* **Data supplied**:
━━━━━━━━━━━━━━━━

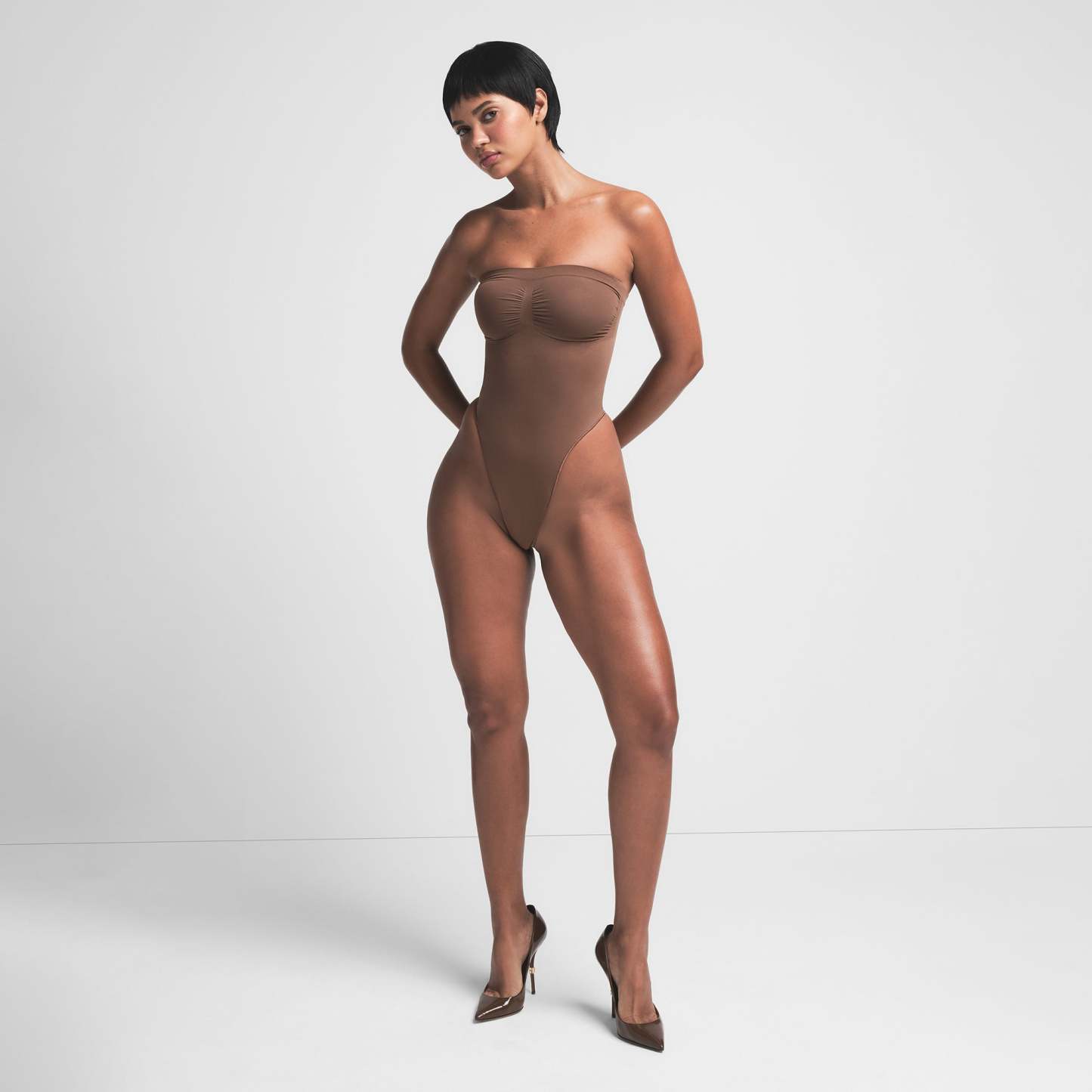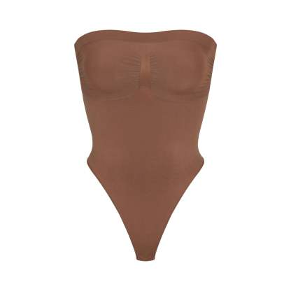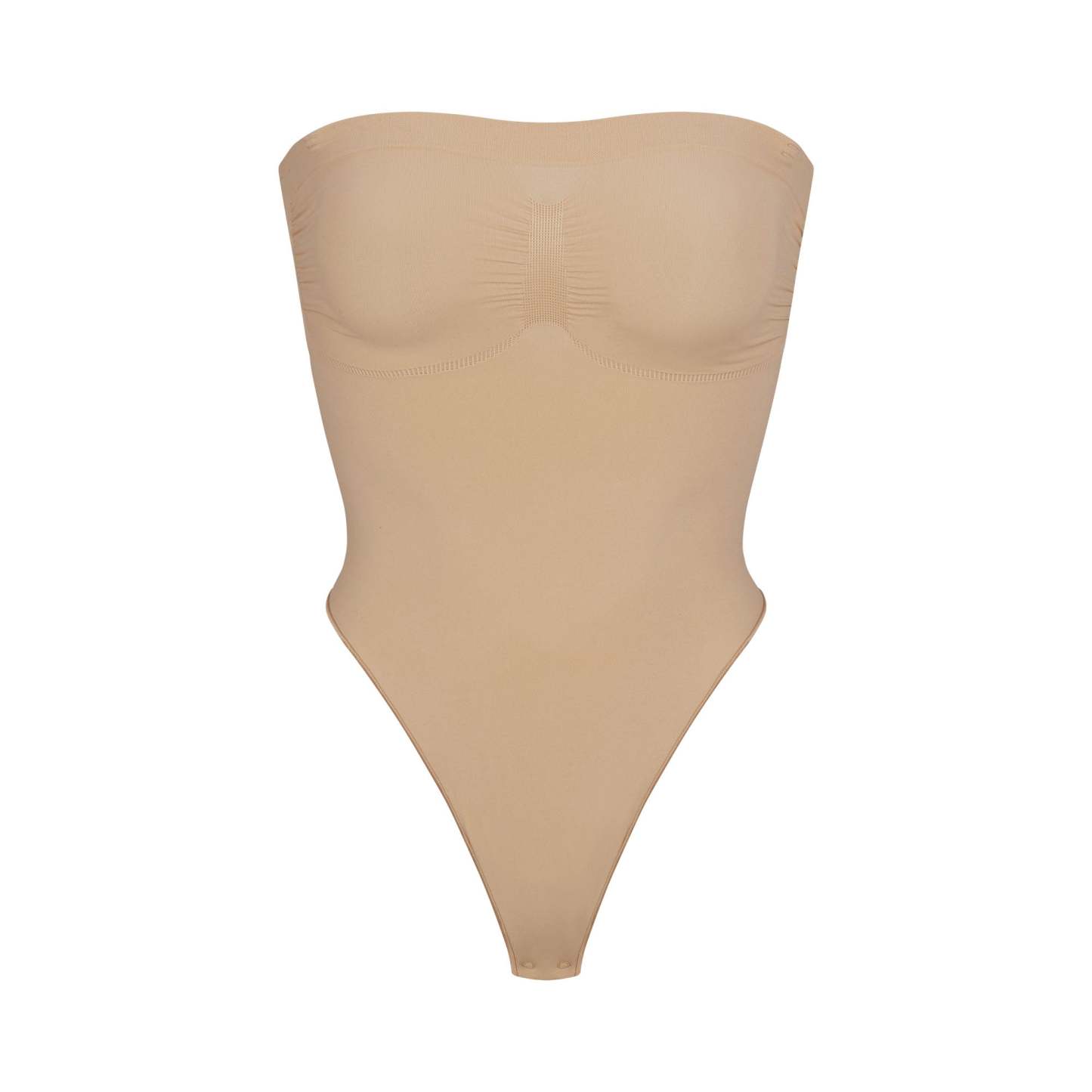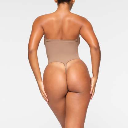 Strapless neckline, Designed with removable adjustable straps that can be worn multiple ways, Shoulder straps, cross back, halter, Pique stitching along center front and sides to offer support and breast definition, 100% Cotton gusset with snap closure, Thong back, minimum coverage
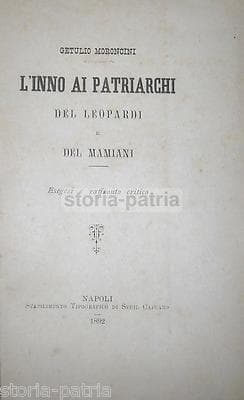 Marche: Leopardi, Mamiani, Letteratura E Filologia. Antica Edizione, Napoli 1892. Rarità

━━━━━━━━━━━━━━━━

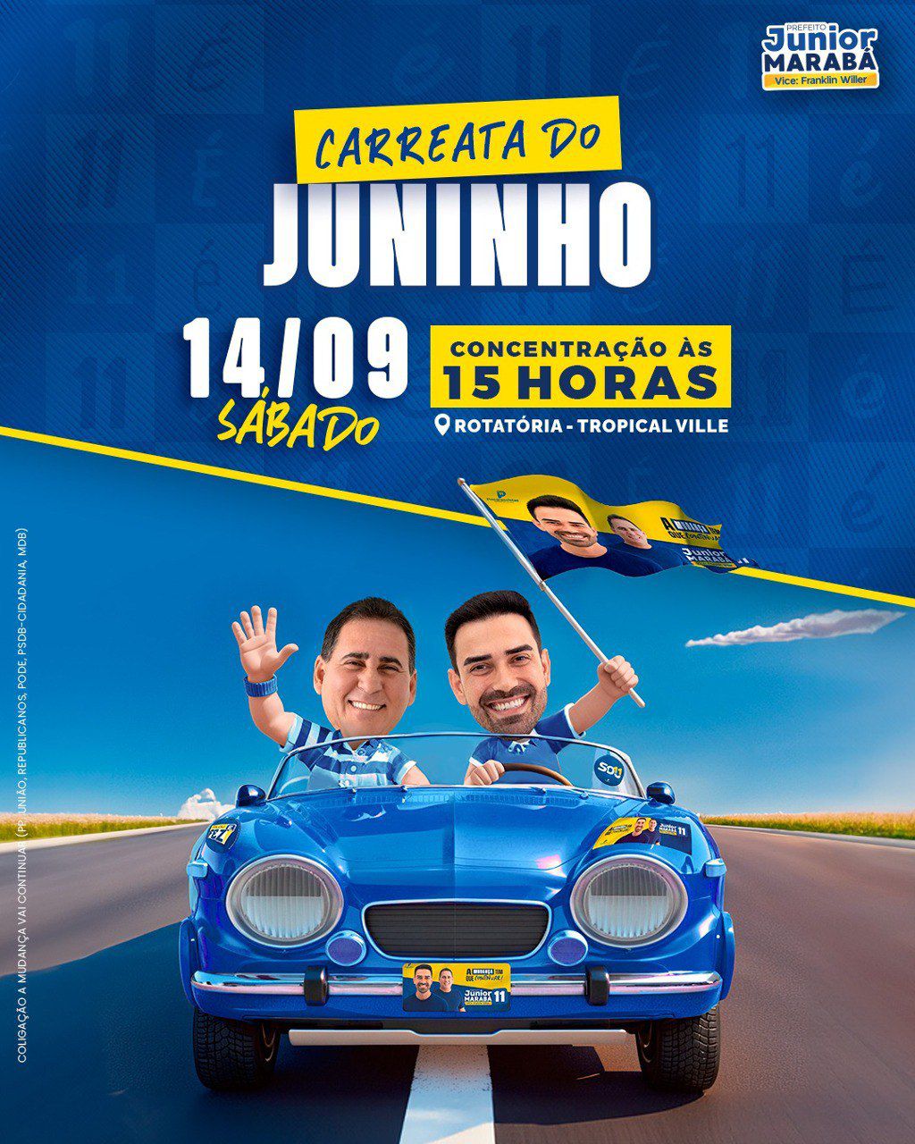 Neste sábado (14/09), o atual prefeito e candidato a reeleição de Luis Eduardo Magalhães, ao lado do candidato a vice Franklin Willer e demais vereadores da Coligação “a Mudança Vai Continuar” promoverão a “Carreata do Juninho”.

━━━━━━━━━━━━━━━━

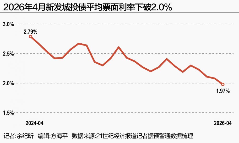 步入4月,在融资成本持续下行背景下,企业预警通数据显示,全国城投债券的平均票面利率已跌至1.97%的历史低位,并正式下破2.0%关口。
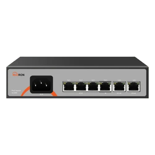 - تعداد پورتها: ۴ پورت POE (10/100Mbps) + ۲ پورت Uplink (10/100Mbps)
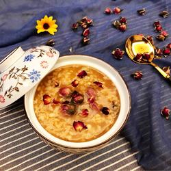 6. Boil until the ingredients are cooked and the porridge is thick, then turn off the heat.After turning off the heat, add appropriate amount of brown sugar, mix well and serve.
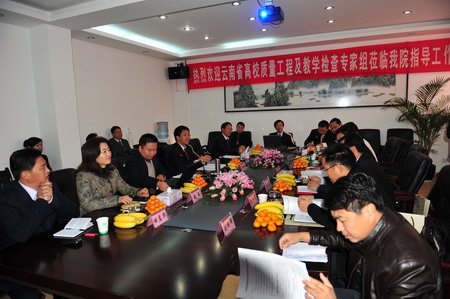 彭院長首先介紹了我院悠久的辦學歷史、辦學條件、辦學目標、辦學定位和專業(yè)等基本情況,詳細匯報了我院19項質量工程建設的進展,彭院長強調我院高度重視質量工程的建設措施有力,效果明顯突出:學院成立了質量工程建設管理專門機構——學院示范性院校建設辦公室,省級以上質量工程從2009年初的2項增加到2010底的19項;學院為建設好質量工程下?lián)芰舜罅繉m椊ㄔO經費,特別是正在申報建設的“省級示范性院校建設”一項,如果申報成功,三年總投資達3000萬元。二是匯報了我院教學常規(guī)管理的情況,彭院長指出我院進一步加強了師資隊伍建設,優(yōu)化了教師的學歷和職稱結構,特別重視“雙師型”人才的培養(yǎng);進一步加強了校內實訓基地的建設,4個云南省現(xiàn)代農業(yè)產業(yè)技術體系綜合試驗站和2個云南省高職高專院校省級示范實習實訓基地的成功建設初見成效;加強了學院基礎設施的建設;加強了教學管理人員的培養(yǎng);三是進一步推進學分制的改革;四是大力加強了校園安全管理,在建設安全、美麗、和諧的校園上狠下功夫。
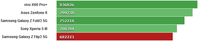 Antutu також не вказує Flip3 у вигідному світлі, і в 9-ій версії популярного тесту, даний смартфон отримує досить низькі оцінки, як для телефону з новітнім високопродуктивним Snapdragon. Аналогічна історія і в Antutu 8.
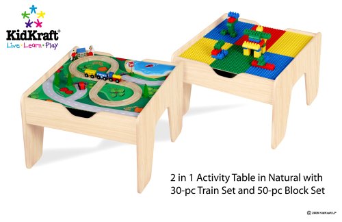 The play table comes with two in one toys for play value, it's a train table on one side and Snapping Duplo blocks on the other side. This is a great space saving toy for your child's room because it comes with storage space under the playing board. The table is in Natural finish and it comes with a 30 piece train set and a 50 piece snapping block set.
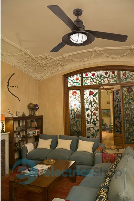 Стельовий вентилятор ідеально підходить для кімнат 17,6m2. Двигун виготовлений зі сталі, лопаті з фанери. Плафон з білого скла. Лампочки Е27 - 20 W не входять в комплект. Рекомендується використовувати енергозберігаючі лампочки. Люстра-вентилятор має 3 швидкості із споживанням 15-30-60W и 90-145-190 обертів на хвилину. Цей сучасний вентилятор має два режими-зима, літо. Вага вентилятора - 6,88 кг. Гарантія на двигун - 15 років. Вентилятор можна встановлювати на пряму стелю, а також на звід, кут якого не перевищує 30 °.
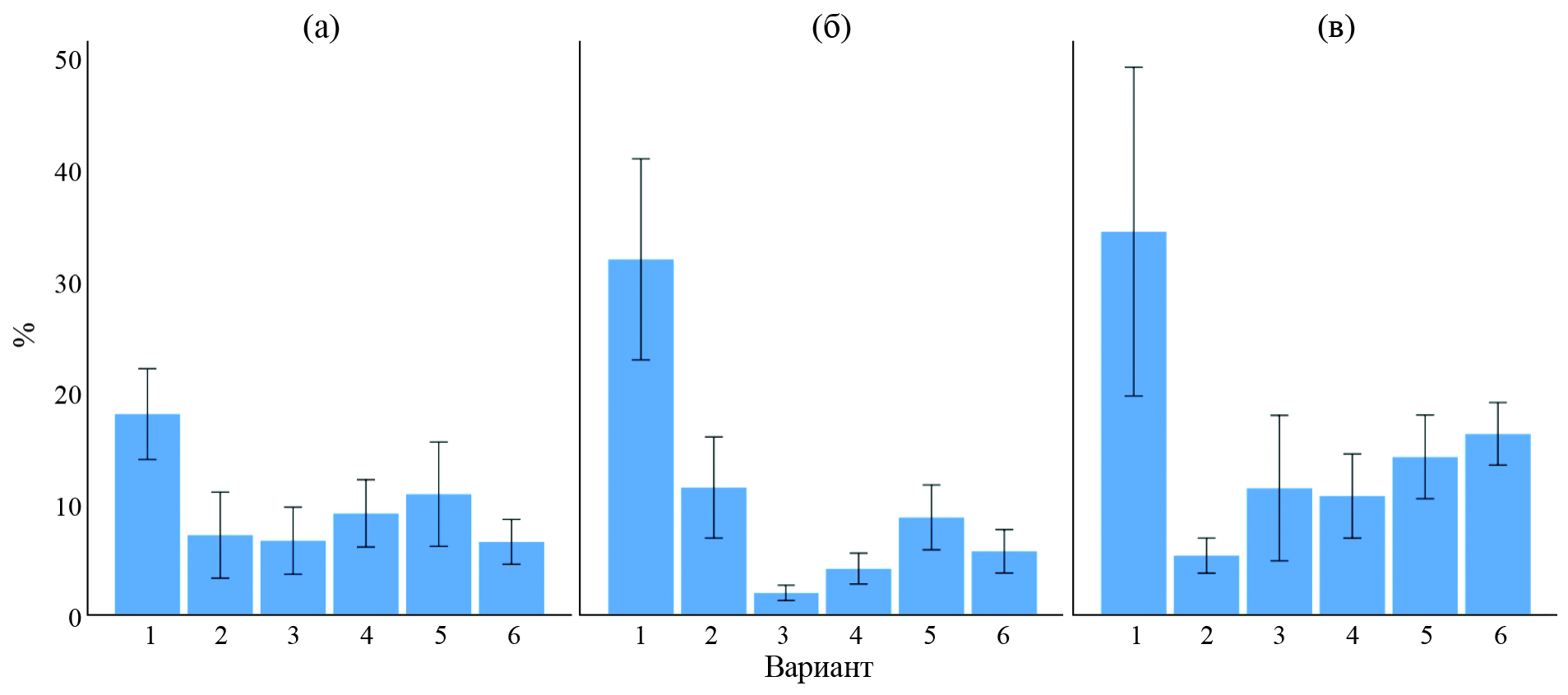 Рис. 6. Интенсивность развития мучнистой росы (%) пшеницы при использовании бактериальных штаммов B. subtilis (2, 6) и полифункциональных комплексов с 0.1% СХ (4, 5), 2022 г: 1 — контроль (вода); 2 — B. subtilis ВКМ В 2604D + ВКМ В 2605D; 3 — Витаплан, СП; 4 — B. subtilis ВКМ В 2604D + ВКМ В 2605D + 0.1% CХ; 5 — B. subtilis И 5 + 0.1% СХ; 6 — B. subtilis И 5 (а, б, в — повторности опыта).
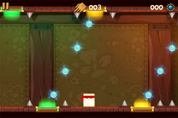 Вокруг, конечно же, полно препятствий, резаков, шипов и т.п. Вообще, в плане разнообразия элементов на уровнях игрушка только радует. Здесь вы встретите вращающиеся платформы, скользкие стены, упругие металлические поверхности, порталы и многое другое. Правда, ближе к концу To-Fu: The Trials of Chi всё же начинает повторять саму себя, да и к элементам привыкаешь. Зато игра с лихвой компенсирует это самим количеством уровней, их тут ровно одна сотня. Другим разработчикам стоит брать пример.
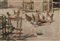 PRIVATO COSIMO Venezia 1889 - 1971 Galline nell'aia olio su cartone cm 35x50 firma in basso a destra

━━━━━━━━━━━━━━━━

* **What to produce**:
Print the line above containing "6. Boil until", the line containing "Рис. 6. Интенсивность", and everything between them, exactly as written. Pictures stay out.

* **Expected output**:
 6. Boil until the ingredients are cooked and the porridge is thick, then turn off the heat.After turning off the heat, add appropriate amount of brown sugar, mix well and serve.
 彭院長首先介紹了我院悠久的辦學歷史、辦學條件、辦學目標、辦學定位和專業(yè)等基本情況,詳細匯報了我院19項質量工程建設的進展,彭院長強調我院高度重視質量工程的建設措施有力,效果明顯突出:學院成立了質量工程建設管理專門機構——學院示范性院校建設辦公室,省級以上質量工程從2009年初的2項增加到2010底的19項;學院為建設好質量工程下?lián)芰舜罅繉m椊ㄔO經費,特別是正在申報建設的“省級示范性院校建設”一項,如果申報成功,三年總投資達3000萬元。二是匯報了我院教學常規(guī)管理的情況,彭院長指出我院進一步加強了師資隊伍建設,優(yōu)化了教師的學歷和職稱結構,特別重視“雙師型”人才的培養(yǎng);進一步加強了校內實訓基地的建設,4個云南省現(xiàn)代農業(yè)產業(yè)技術體系綜合試驗站和2個云南省高職高專院校省級示范實習實訓基地的成功建設初見成效;加強了學院基礎設施的建設;加強了教學管理人員的培養(yǎng);三是進一步推進學分制的改革;四是大力加強了校園安全管理,在建設安全、美麗、和諧的校園上狠下功夫。
 Antutu також не вказує Flip3 у вигідному світлі, і в 9-ій версії популярного тесту, даний смартфон отримує досить низькі оцінки, як для телефону з новітнім високопродуктивним Snapdragon. Аналогічна історія і в Antutu 8.
 The play table comes with two in one toys for play value, it's a train table on one side and Snapping Duplo blocks on the other side. This is a great space saving toy for your child's room because it comes with storage space under the playing board. The table is in Natural finish and it comes with a 30 piece train set and a 50 piece snapping block set.
 Стельовий вентилятор ідеально підходить для кімнат 17,6m2. Двигун виготовлений зі сталі, лопаті з фанери. Плафон з білого скла. Лампочки Е27 - 20 W не входять в комплект. Рекомендується використовувати енергозберігаючі лампочки. Люстра-вентилятор має 3 швидкості із споживанням 15-30-60W и 90-145-190 обертів на хвилину. Цей сучасний вентилятор має два режими-зима, літо. Вага вентилятора - 6,88 кг. Гарантія на двигун - 15 років. Вентилятор можна встановлювати на пряму стелю, а також на звід, кут якого не перевищує 30 °.
 Рис. 6. Интенсивность развития мучнистой росы (%) пшеницы при использовании бактериальных штаммов B. subtilis (2, 6) и полифункциональных комплексов с 0.1% СХ (4, 5), 2022 г: 1 — контроль (вода); 2 — B. subtilis ВКМ В 2604D + ВКМ В 2605D; 3 — Витаплан, СП; 4 — B. subtilis ВКМ В 2604D + ВКМ В 2605D + 0.1% CХ; 5 — B. subtilis И 5 + 0.1% СХ; 6 — B. subtilis И 5 (а, б, в — повторности опыта).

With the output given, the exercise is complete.